→ **Source records**
=-=-=

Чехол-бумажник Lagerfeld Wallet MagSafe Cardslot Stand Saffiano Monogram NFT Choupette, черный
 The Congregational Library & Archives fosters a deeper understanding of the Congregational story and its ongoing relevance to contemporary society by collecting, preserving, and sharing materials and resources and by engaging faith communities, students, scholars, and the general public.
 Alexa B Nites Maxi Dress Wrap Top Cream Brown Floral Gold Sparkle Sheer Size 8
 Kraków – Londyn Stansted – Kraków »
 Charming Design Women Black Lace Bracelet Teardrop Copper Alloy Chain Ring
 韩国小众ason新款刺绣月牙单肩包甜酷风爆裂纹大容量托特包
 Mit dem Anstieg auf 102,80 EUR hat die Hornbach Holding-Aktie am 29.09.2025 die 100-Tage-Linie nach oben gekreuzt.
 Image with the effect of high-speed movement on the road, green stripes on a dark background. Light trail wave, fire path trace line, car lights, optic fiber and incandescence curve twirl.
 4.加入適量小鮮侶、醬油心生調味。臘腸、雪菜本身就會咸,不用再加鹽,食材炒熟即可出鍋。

=-=-=

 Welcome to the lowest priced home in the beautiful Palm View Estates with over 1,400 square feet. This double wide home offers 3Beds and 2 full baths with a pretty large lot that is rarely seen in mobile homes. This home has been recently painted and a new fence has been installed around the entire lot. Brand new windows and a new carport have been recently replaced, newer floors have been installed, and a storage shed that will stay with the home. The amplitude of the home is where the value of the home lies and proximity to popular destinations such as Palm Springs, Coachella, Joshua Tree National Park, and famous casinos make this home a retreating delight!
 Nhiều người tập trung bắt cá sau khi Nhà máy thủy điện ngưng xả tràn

=-=-=

→ **Problem details**
How many lines in the material contain the string "with"? Give the number alone.

→ **Finished task**
2